The discovery of new genes for two of the world’s most common eye diseases could lead to new treatments, according to leading ophthalmologist, Winthrop Professor David Mackey, from the University of Western Australia.
Professor Mackey, Chair of UWA Ophthalmology and Managing Director of the Lions Eye Institute, is a member of international research teams investigating the genetic causes of glaucoma and myopia.
Glaucoma is a neurodegenerative disease of the optic nerve and a leading cause of blindness while myopia, or short-sightedness, is the most common eye disease in the world.
Professor Mackey, who spoke at the European Glaucoma Society meeting in the Spanish capital Madrid, achieved triple success as a genetics researcher with three papers he co-authored published in the prestigious international journal Nature Genetics.

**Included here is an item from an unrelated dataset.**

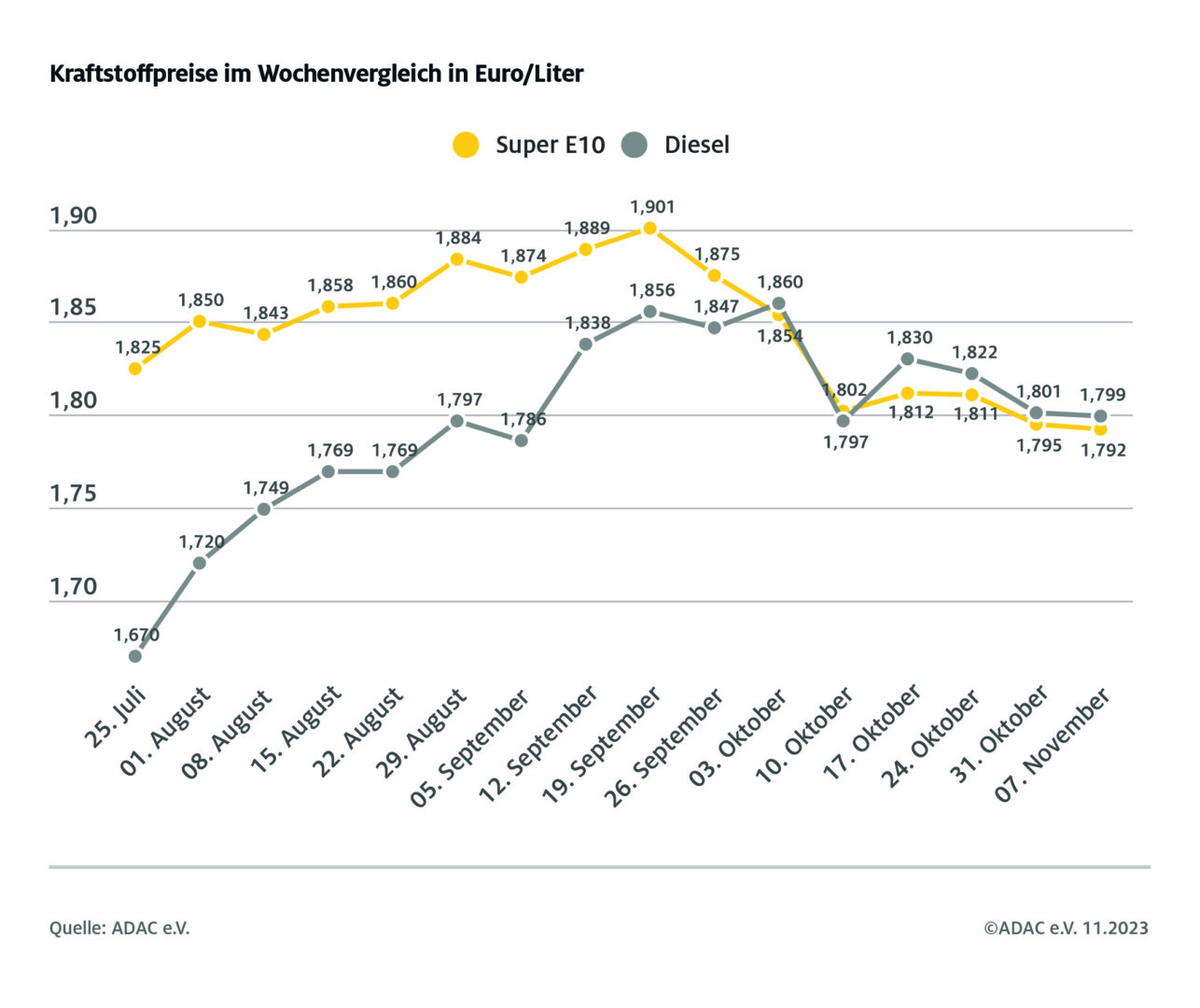 Die Kraftstoffpreise sind im Vergleich zur vergangenen Woche geringfügig gesunken und liegen aktuell sowohl für Super E10 wie für Diesel unter der Marke von 1,80 Euro. Wie die aktuelle ADAC Auswertung der Kraftstoffpreise in Deutschland zeigt, kostet ein Liter Super E10 im bundesweiten Mittel 1,792 Euro – das sind 0,3 Cent weniger als vor einer Woche. Diesel ist um 0,2 Cent billiger und liegt aktuell bei 1,799 Euro. Diesel ist damit immer noch etwas teurer als Super E10.

"These discoveries stem from over a decade of work with the Glaucoma Inheritance Study in Tasmania (GIST) and the Twins Eye Study in Tasmania (TEST)," Professor Mackey said.

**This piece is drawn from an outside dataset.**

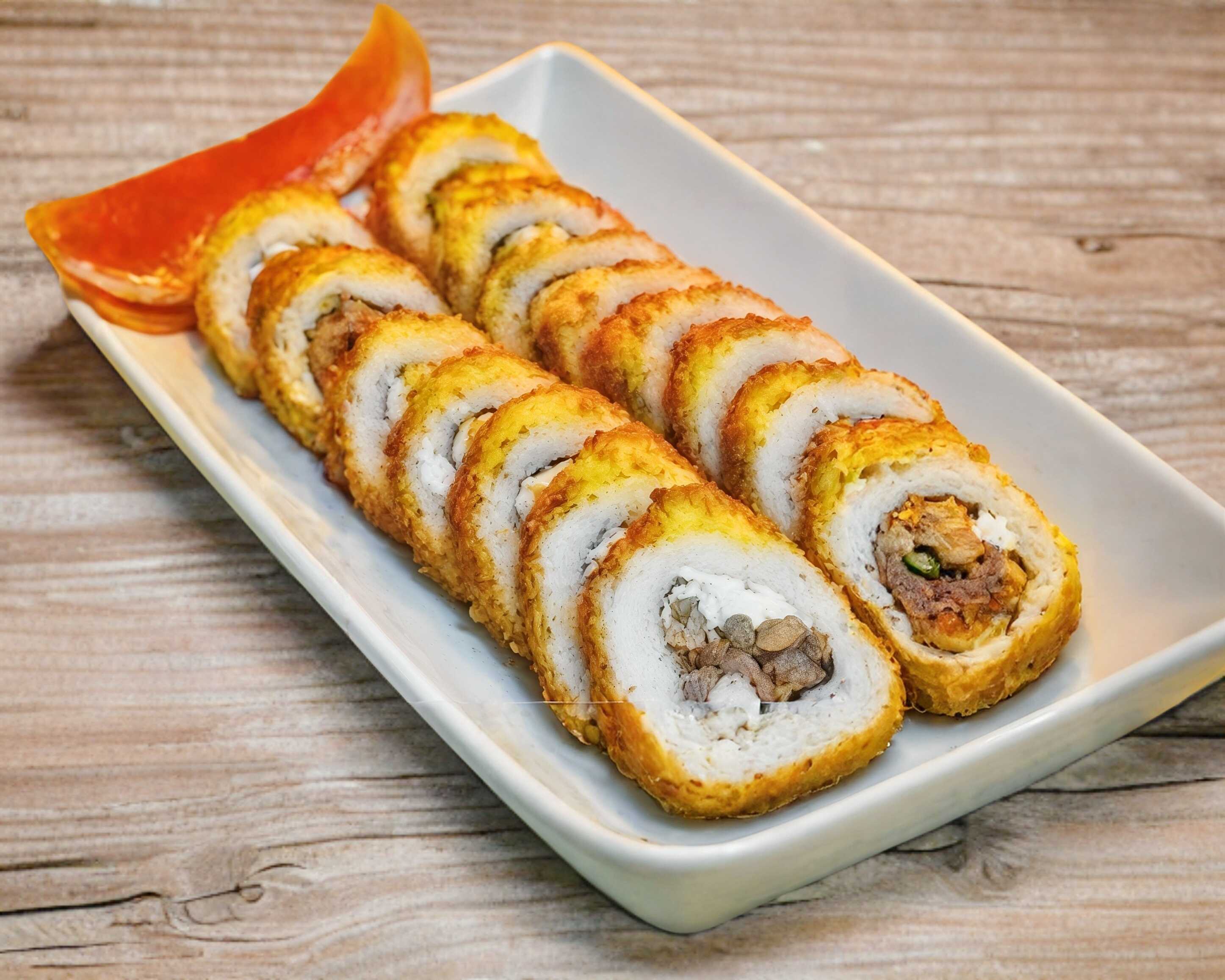 Res,camaron,pollo,philadelphia, aguacate,por fuera un gratinado de spacy con camarones y un chile empanizado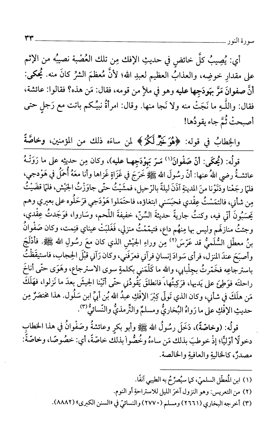 قوله: (وخاصة)، دخل رسول الله - صلى الله عليه وسلم - وأبو بكر وعائشة وصفوان في هذا الخطاب دخولًا أوليًا، غذ خوطب بذلك من ساءه وخصوا بذلك خاصةً، أي: خصوصاً، وخاصةً: مصدرٌ، كالخالية والعافية والخالصة.

"Glaucoma is one of the leading causes of blindness in the world and myopia is very common and in epidemic proportions in the cities of East Asia so understanding the genetics of these two interrelated eye diseases is very important."

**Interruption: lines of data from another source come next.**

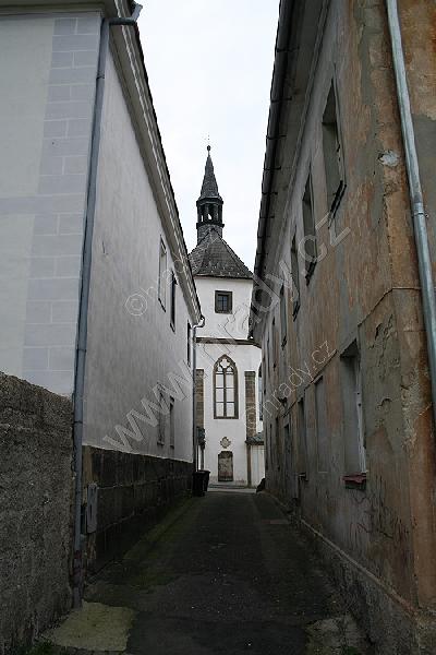 Průhled k závěru kostela mezi děkanstvím (vlevo) a starou školou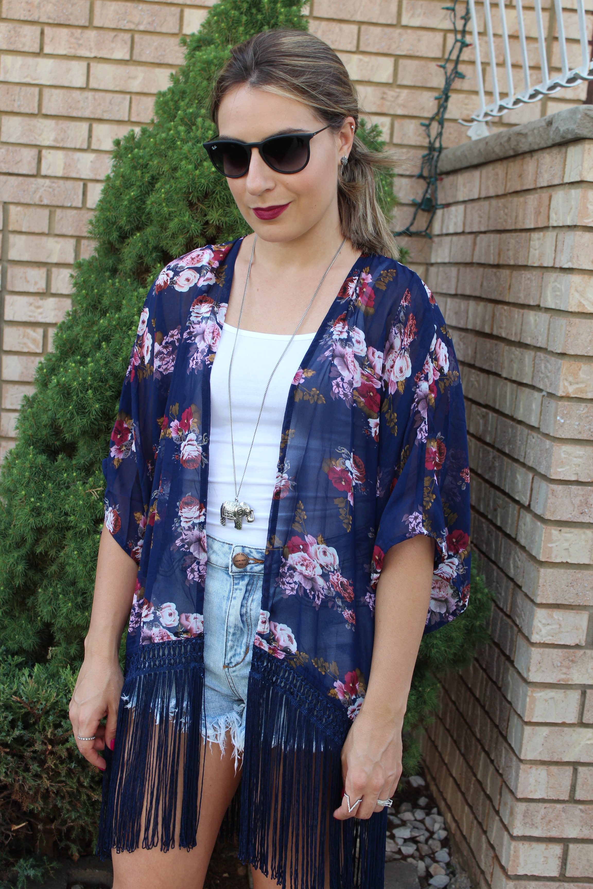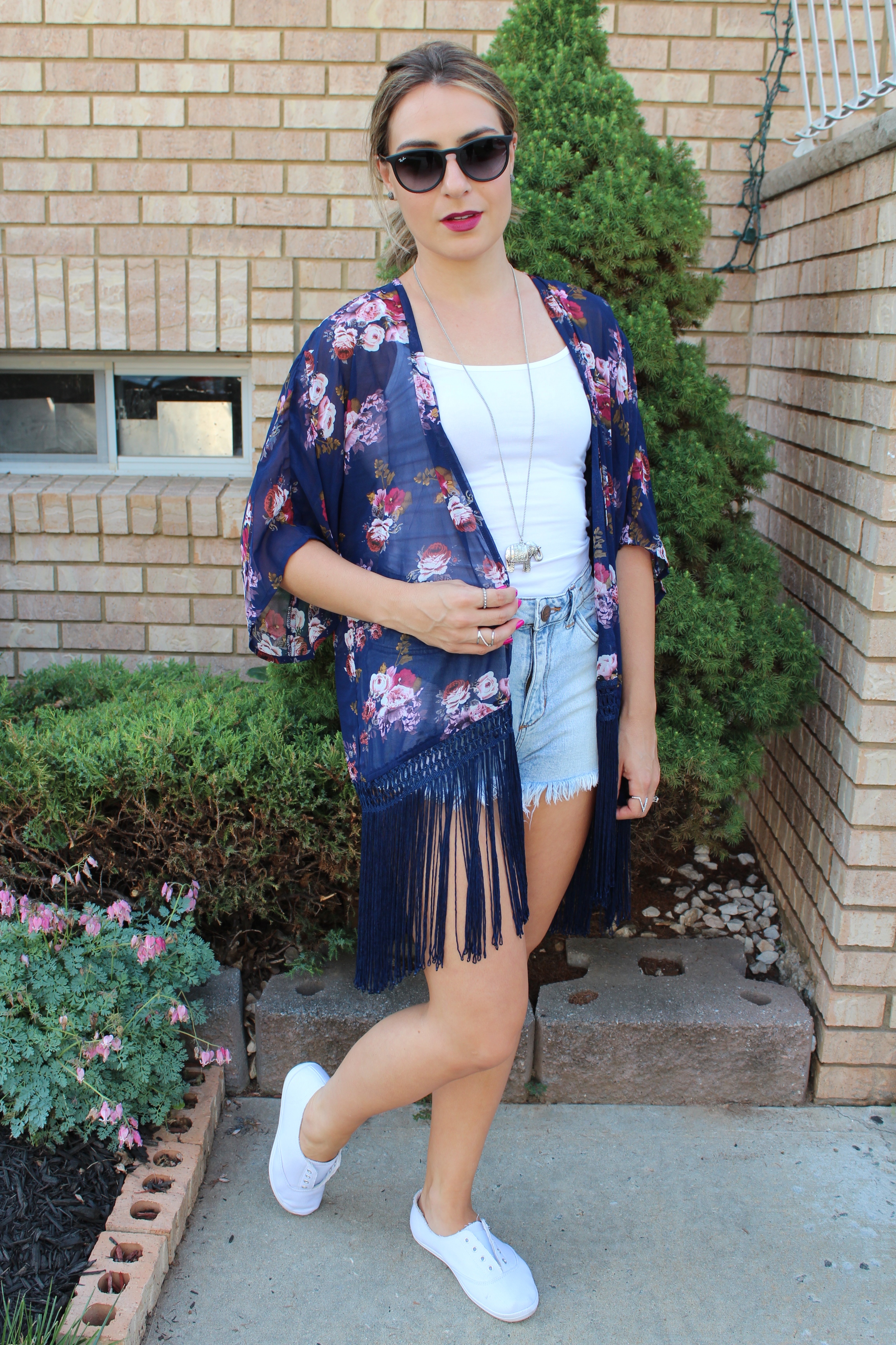 Um jeito bem fácil de usar um kimono, é optar por um look bem básico. O jeans (calça, shorts ou saia) é uma peça que fica linda com kimono. Como estamos em pleno verão aqui, escolhi um shorts jeans e completei o look com uma blusinha branca e tênis. Esse look ficou super despojado e básico e o kimono foi a peça principal da produção!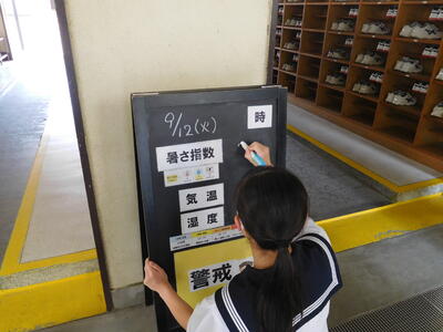 本校では、夏場から暑さ指数を測定、保健体育委員会が専用掲示板に示して熱中症への注意を促しています。この活動もまだまだ継続が必要なようです。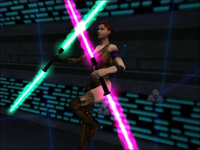 She continued her training in secret - mastering the art of weilding two, double-bladed sabers in the proccess. In addition, she has learned to use the "dark powers" extensively.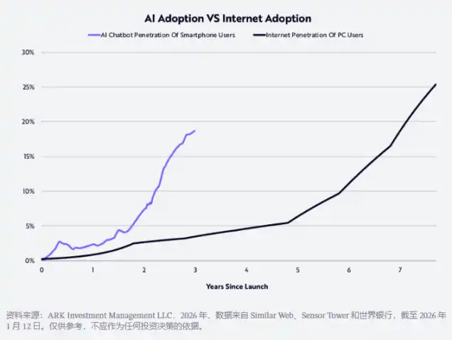 除了半导体和上市的大型云公司之外,尚未上市的 AI 原生企业也受益于增长和投资回报。AI 公司是历史上增长最快的企业之一。我们的研究表明,消费者接受 AI 的速度是上世纪 90 年代接受互联网速度的两倍,如下所示。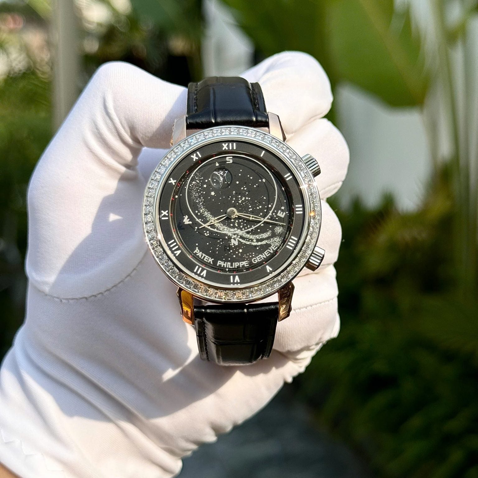 Patek Philippe Swiss 1:1 Watch Grand Complications 6104G Black Dial Bezel Stone Red 40mm

The new glaucoma gene Caveolin was identified by a team at DeCODE genetics in Iceland, an island which is larger than Tasmania but has half the population.
The DeCODE team approached Professor Mackey to collaborate as the GIST was the one of the largest genetic studies of glaucoma in the world with more than 1,700 people with glaucoma and their families enrolled during the past 16 years.
With DNA from the GIST and the Australian Registry of Advanced Glaucoma based at Flinders University as well as groups from Europe and Asia, the international consortium confirmed Caveolin as a major glaucoma gene.
"Through understanding the pathway of this gene we hope to be able to develop new treatments for glaucoma and be able to predict those at greater risk. In conjunction with the twins research team at QIMR we also used DNA from 1,000 sets of twins seen in the Twins Eye Study to confirm whether specific component measures of glaucoma were associated with the new genes," Professor Mackey said.
"In parallel studies, twins researchers in London and Rotterdam identified new genes for myopia and we used our Australian twin data to confirm the association of these two new genes: GJD2 and RASGRF1, which are both highly expressed in the retina suggesting that this is where myopia originates."
Professor Mackey said the discovery would open new areas of research and treatment for short-sightedness, which was becoming a serious health issue in the cities of East Asia.